TASK INSTRUCTIONS ▸ Once the pictures are removed, return each record below exactly as written.

(Extracted records)
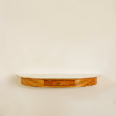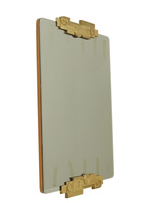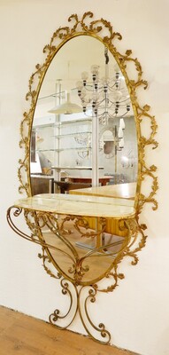 Gold Colored Oval Mirror and Console - Italy 1950s
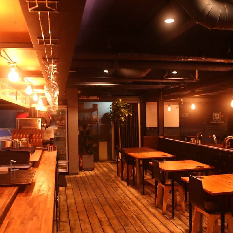 西餐美食店,切割成圆筒形的牛排可以在热板上烤着吃
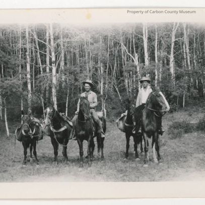 Update - 2009: Black & white print of two mounted riders & three additional pack horses. Pack horses have fully loaded panniers. The two men are wearing cowboy hats & one has a pack horse tethered to his horse and the other man has two pack horses tethered to his horse. They are in a grassy clearing in front of a slope covered with aspen trees.
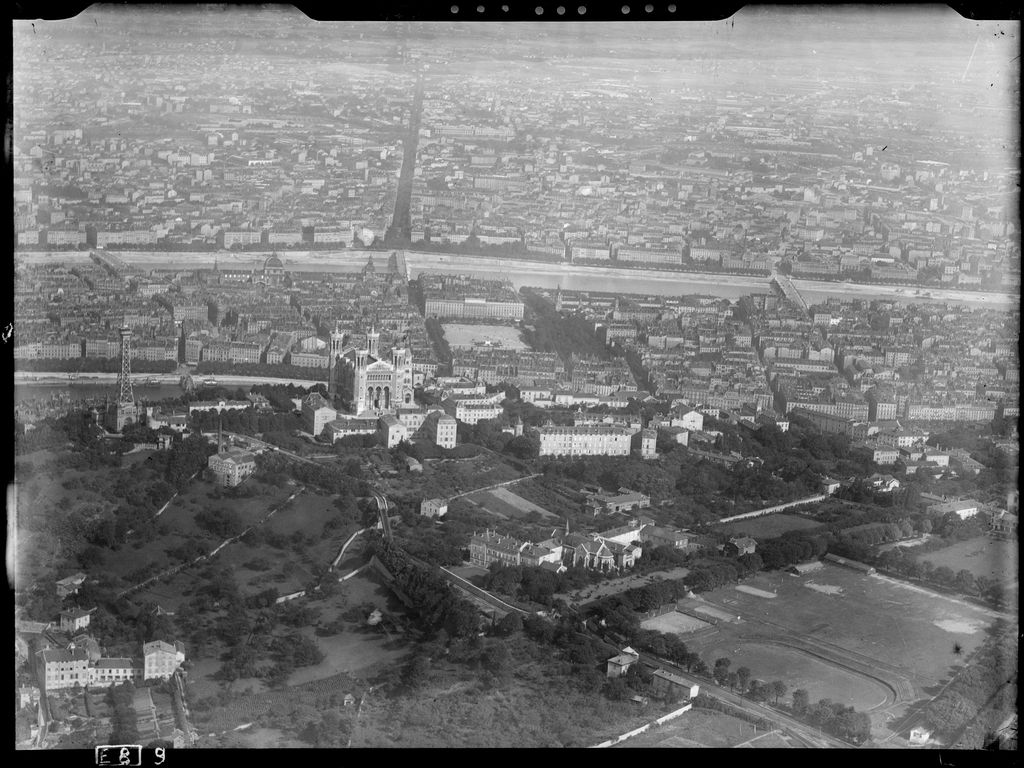 Vue aérienne du Rhône et de la Saône à Lyon (vue vers l'est). Au premier plan, la basilique Notre-Dame de Fourvière achevée en 1884, et le funiculaire Saint-Paul en service de 1900 à 1937
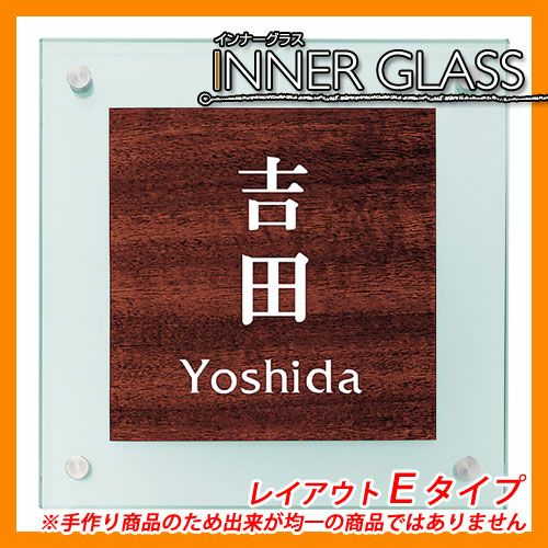 インナーグラスはガラスとガラスの間に和紙や木目テクスチャーを挟みこんだ立体感のある上品なガラス表札です。

ANSWER BOX ▸
 Gold Colored Oval Mirror and Console - Italy 1950s
 西餐美食店,切割成圆筒形的牛排可以在热板上烤着吃
 Update - 2009: Black & white print of two mounted riders & three additional pack horses. Pack horses have fully loaded panniers. The two men are wearing cowboy hats & one has a pack horse tethered to his horse and the other man has two pack horses tethered to his horse. They are in a grassy clearing in front of a slope covered with aspen trees.
 Vue aérienne du Rhône et de la Saône à Lyon (vue vers l'est). Au premier plan, la basilique Notre-Dame de Fourvière achevée en 1884, et le funiculaire Saint-Paul en service de 1900 à 1937
 インナーグラスはガラスとガラスの間に和紙や木目テクスチャーを挟みこんだ立体感のある上品なガラス表札です。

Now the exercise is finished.